[Records drawn from a dataset]
* * *

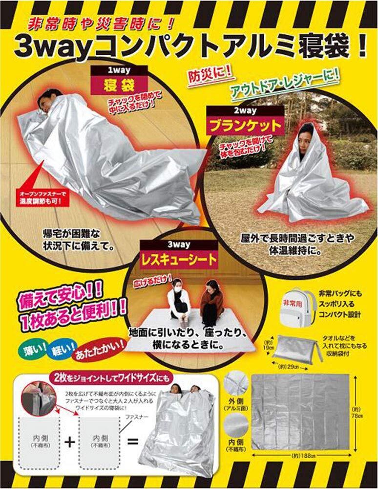 コジット 防災 寝袋 3wayコンパクトアルミ寝袋 シルバー サイズ:幅187×奥行158cm (寝袋時:78×187cm) 90193
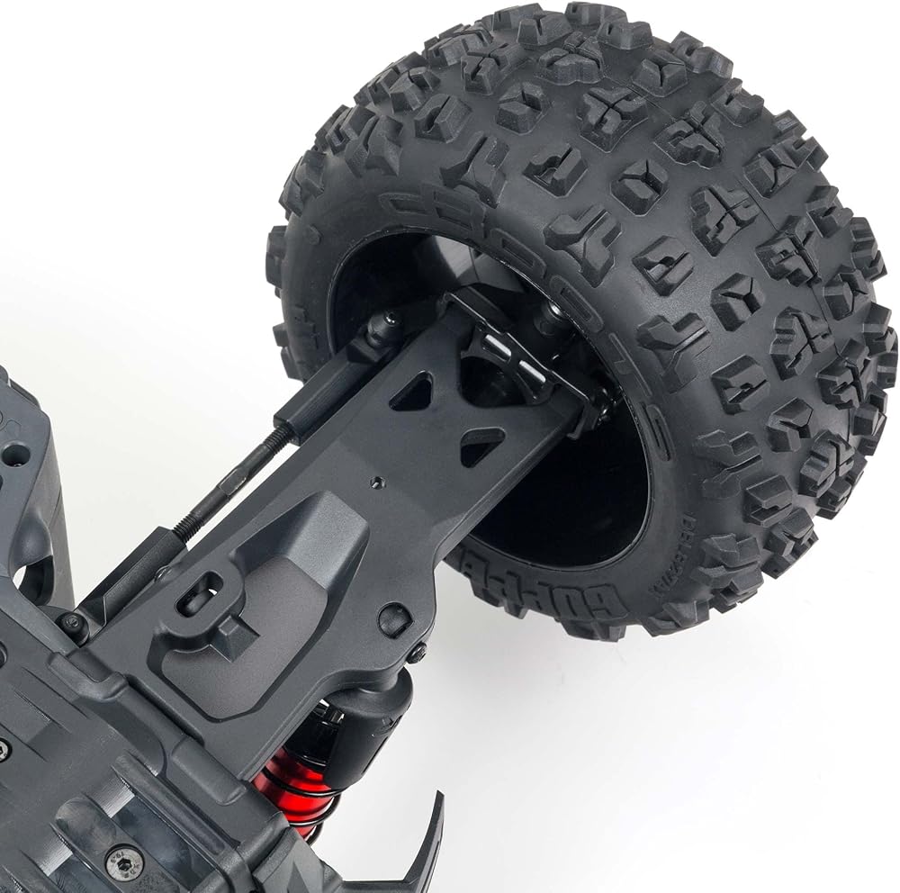 ميزات جديدة مساحة أكبر بنسبة 16% أطول وأوسع من منصة KRATON 4X4 4S السابقة لمزيد من الثبات، أذرع تعليق جديدة قوية تزيد من عرض السيارة، تروس تفاضلية رئيسية بوحدة 1.35 من الفولاذ المتين وتروس الإدخال في علب التروس الأمامية والخلفية، أعمدة إدارة تلسكوبية قوية CVD أمامية وخلفية أبراج صدمات أعلى، وممتصات صدمات أطول وأذرع تعليق أوسع لسفر تعليق أطول وأكثر فخامة، ممتصات صدمات كبيرة من الألومنيوم متضمنة كتجهيز قياسي باستخدام الحاسب الآلي، ومحاور عجلات مؤكسدة باللون الأحمر مقاس 17 مم، وحلقة تقوية لمحور النعال الفولاذي، Spektrum Firma 120A ESC بدون فرش ومحرك 3668 2400Kv Spektrum 2
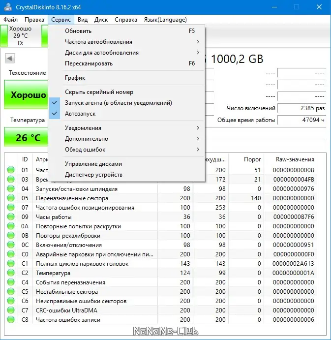 - Мониторинг состояния здоровья и температуры дисков
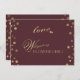 Nur königliche Eleganz: "Liebe" Imitat Goldfolienskript, mit zwei Herzen, Imitate Goldfolie Konfetti auf Bordeaux/Champagner Hintergrund. Verwenden Sie das Tool Anpassen, um alle benötigten Informationen hinzuzufügen. Sie können Größe, Schriftart, Farbe und Wortlaut ändern. Für mehr, sehen Sie meine Gold Confetti Burgundy/Champagne Wedding Collection.
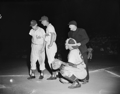 Manager Max Macon of the Cats, center, intercedes to quiet Gale Wade as the latter argues with Umpire Bud Newman in the second inning of the Fort Worth- San Antonio game at La Grave Field Wednesday night. The waiting Mission Catcher is Charley Hopkins. Argument was over a called strike.
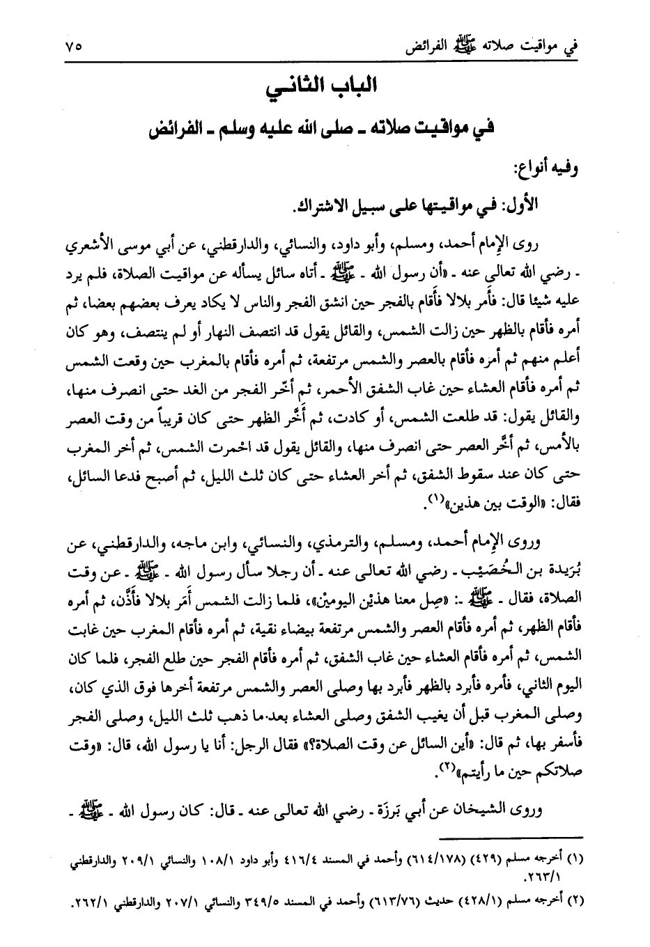 الباب الثاني في مواقيت صلاته- صلّى الله عليه وسلّم- الفرائض
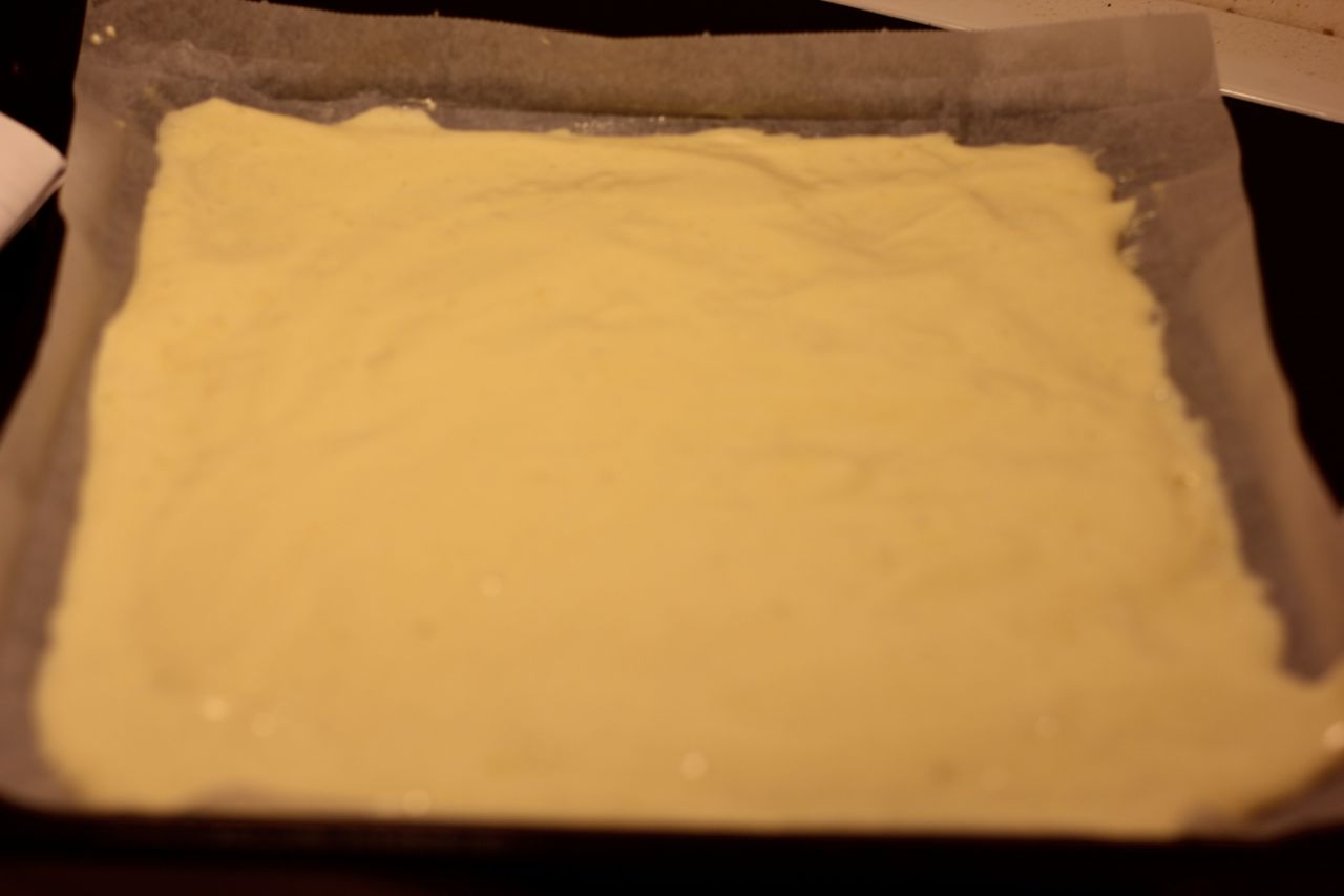 5) Hell røren over på det smurte bakepapiret og jevn utover med en slikkepott.
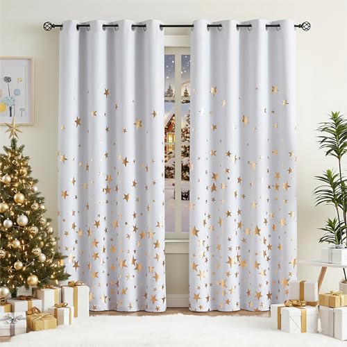 Treatmentex White Gold Blackout Curtains for Living Room 90 inch Drop Eyelet Curtains for Bedroom Star Pattern Foil Thermal Insulated Window Curtain Panels 2 Panels
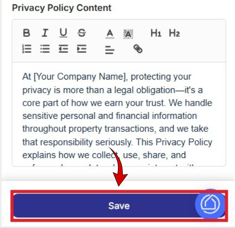 In the Privacy Policy Content section, enter or paste your privacy policy text using the editor. Formatting tools are available to organize content using headings, lists, and text styling.
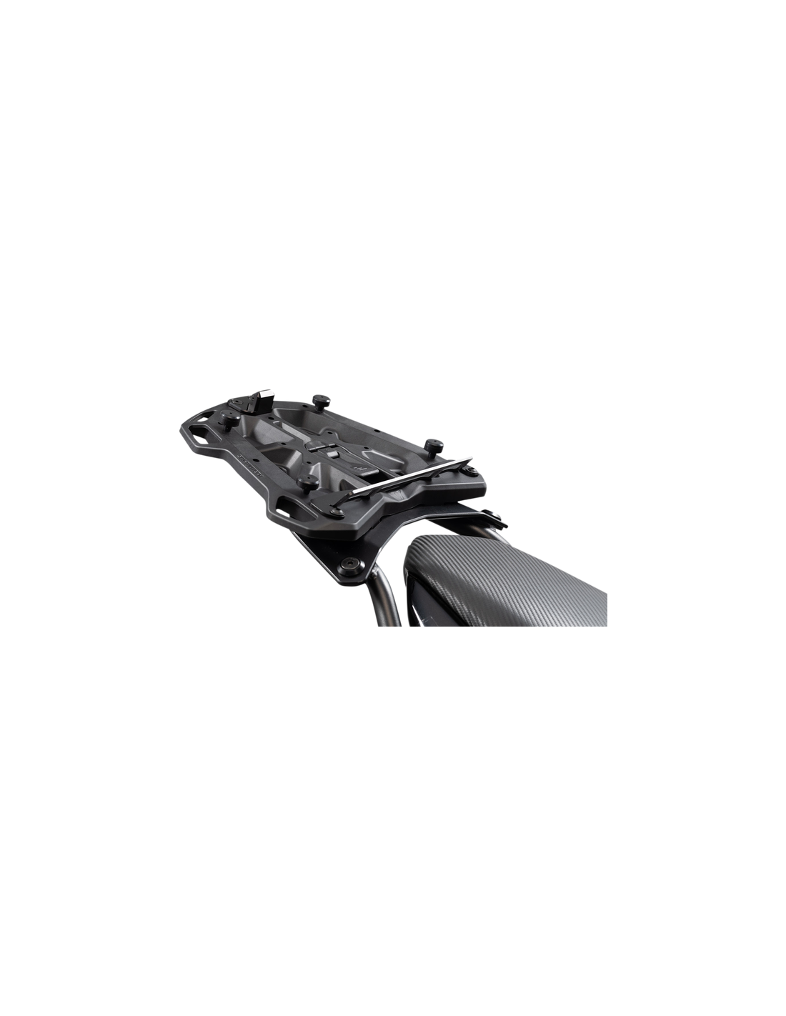 Ce support adaptateur peut être monté sur le porte-paquet STREET-RACK en toute simplicité Aucun outil nécessaire !, Le support adaptateur est simplement glissé sur le porte-paquet et verrouillé fermement à l’aide d’un verrou de blocage., Après usage, le support adaptateur peut être retiré en quelques secondes et seul le porte-paquet reste sur la moto., Le support adaptateur séduit aussi grâce à sa large surface de contact plate et ses six grands œillets de fixation.
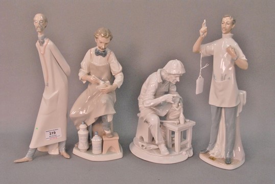 Four piece lot to include porcelain figure of a shoe maker ht. 9 1/2 in. and three Llardros Dentist ht. 13 1/2 in., Pharmacist ht. 12 1/2 in., and Doctor.
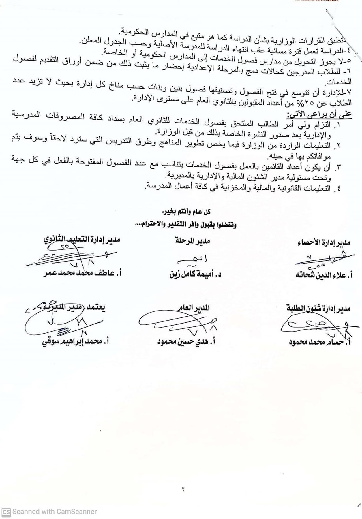 - التعليمات الواردة من الوزارة فيما يخص تطوير المناهج وطرق التدريس التي سترد لاحقًا وسوف يتم موافاتكم بها في حينه.
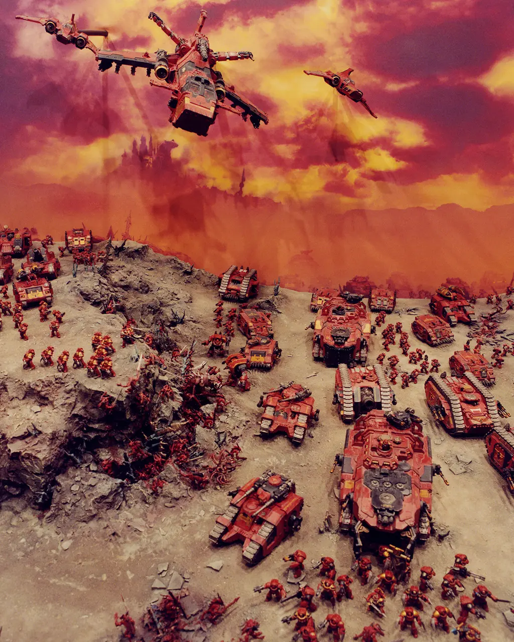 Ah, Warhammer World: a vast haven for Warhammer heads situated on an industrial estate on the outskirts of Nottingham. Flanked by a giant space marine statue and lifesize tank, it features an events hall, exhibition centre (displaying more than 20,000 miniatures) and a restaurant in which hungry players can purchase Duardin-flattened Aelf Cakes or Ogor’s Feast Breakfast. That’s American pancakes and a full English to me and you.
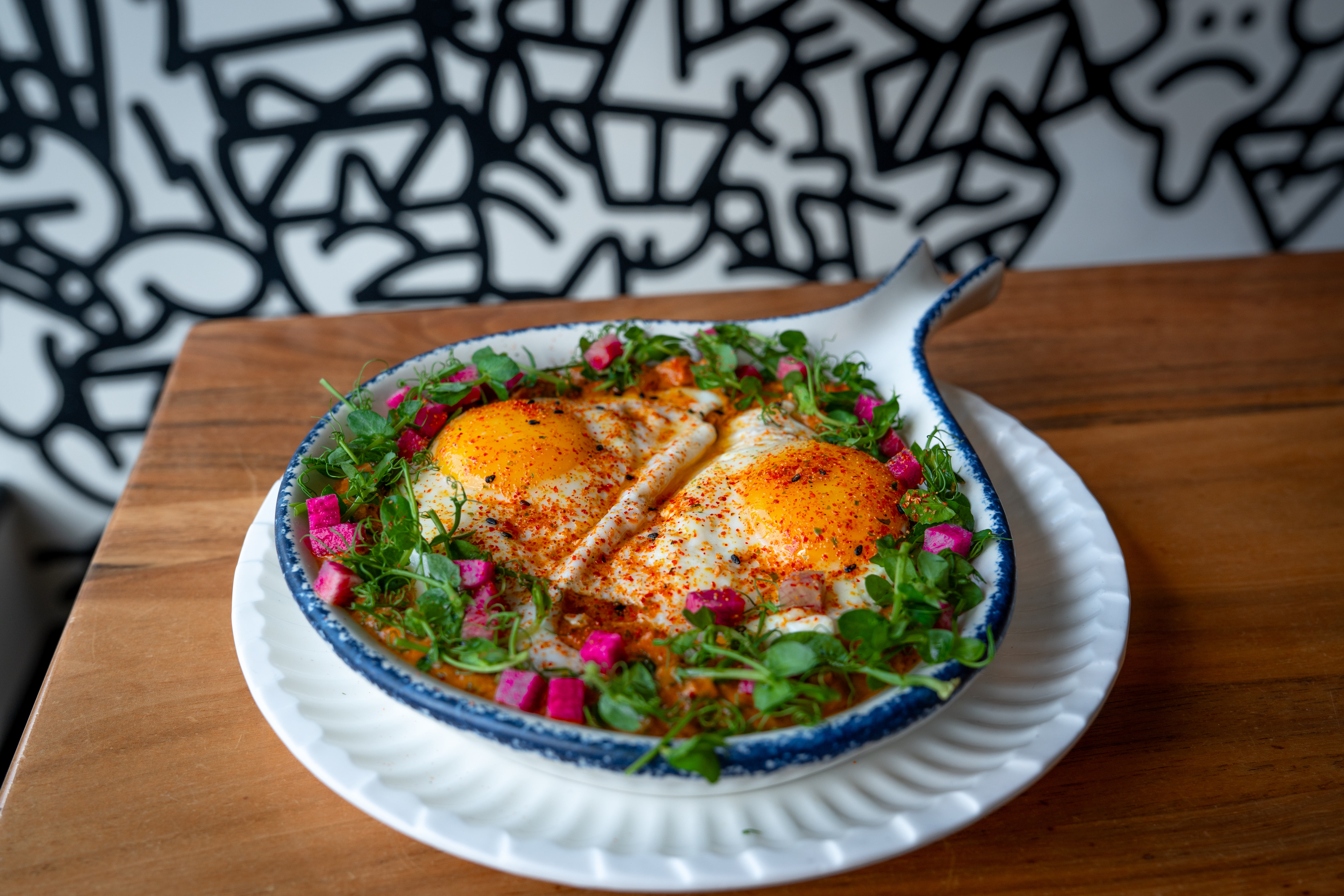 The signature dish at Unconventional Diner is a sweet potato shakshuka, a creative twist on the traditional Middle Eastern dish. It features a curry-style base with roasted sweet potatoes, chickpeas, and a medley of spices, topped with a sunny-side-up fried egg. Garnished with fresh herbs, affilla cress, and watermelon radish, the dish is hearty, vibrant, and full of bold flavors.

* * *

**TASK DESCRIPTION**
Copy out all the records exactly, excluding pictures.

**SOLVED PROBLEM**
 コジット 防災 寝袋 3wayコンパクトアルミ寝袋 シルバー サイズ:幅187×奥行158cm (寝袋時:78×187cm) 90193
 ميزات جديدة مساحة أكبر بنسبة 16% أطول وأوسع من منصة KRATON 4X4 4S السابقة لمزيد من الثبات، أذرع تعليق جديدة قوية تزيد من عرض السيارة، تروس تفاضلية رئيسية بوحدة 1.35 من الفولاذ المتين وتروس الإدخال في علب التروس الأمامية والخلفية، أعمدة إدارة تلسكوبية قوية CVD أمامية وخلفية أبراج صدمات أعلى، وممتصات صدمات أطول وأذرع تعليق أوسع لسفر تعليق أطول وأكثر فخامة، ممتصات صدمات كبيرة من الألومنيوم متضمنة كتجهيز قياسي باستخدام الحاسب الآلي، ومحاور عجلات مؤكسدة باللون الأحمر مقاس 17 مم، وحلقة تقوية لمحور النعال الفولاذي، Spektrum Firma 120A ESC بدون فرش ومحرك 3668 2400Kv Spektrum 2
 - Мониторинг состояния здоровья и температуры дисков
 Nur königliche Eleganz: "Liebe" Imitat Goldfolienskript, mit zwei Herzen, Imitate Goldfolie Konfetti auf Bordeaux/Champagner Hintergrund. Verwenden Sie das Tool Anpassen, um alle benötigten Informationen hinzuzufügen. Sie können Größe, Schriftart, Farbe und Wortlaut ändern. Für mehr, sehen Sie meine Gold Confetti Burgundy/Champagne Wedding Collection.
 Manager Max Macon of the Cats, center, intercedes to quiet Gale Wade as the latter argues with Umpire Bud Newman in the second inning of the Fort Worth- San Antonio game at La Grave Field Wednesday night. The waiting Mission Catcher is Charley Hopkins. Argument was over a called strike.
 الباب الثاني في مواقيت صلاته- صلّى الله عليه وسلّم- الفرائض
 5) Hell røren over på det smurte bakepapiret og jevn utover med en slikkepott.
 Treatmentex White Gold Blackout Curtains for Living Room 90 inch Drop Eyelet Curtains for Bedroom Star Pattern Foil Thermal Insulated Window Curtain Panels 2 Panels
 In the Privacy Policy Content section, enter or paste your privacy policy text using the editor. Formatting tools are available to organize content using headings, lists, and text styling.
 Ce support adaptateur peut être monté sur le porte-paquet STREET-RACK en toute simplicité Aucun outil nécessaire !, Le support adaptateur est simplement glissé sur le porte-paquet et verrouillé fermement à l’aide d’un verrou de blocage., Après usage, le support adaptateur peut être retiré en quelques secondes et seul le porte-paquet reste sur la moto., Le support adaptateur séduit aussi grâce à sa large surface de contact plate et ses six grands œillets de fixation.
 Four piece lot to include porcelain figure of a shoe maker ht. 9 1/2 in. and three Llardros Dentist ht. 13 1/2 in., Pharmacist ht. 12 1/2 in., and Doctor.
 - التعليمات الواردة من الوزارة فيما يخص تطوير المناهج وطرق التدريس التي سترد لاحقًا وسوف يتم موافاتكم بها في حينه.
 Ah, Warhammer World: a vast haven for Warhammer heads situated on an industrial estate on the outskirts of Nottingham. Flanked by a giant space marine statue and lifesize tank, it features an events hall, exhibition centre (displaying more than 20,000 miniatures) and a restaurant in which hungry players can purchase Duardin-flattened Aelf Cakes or Ogor’s Feast Breakfast. That’s American pancakes and a full English to me and you.
 The signature dish at Unconventional Diner is a sweet potato shakshuka, a creative twist on the traditional Middle Eastern dish. It features a curry-style base with roasted sweet potatoes, chickpeas, and a medley of spices, topped with a sunny-side-up fried egg. Garnished with fresh herbs, affilla cress, and watermelon radish, the dish is hearty, vibrant, and full of bold flavors.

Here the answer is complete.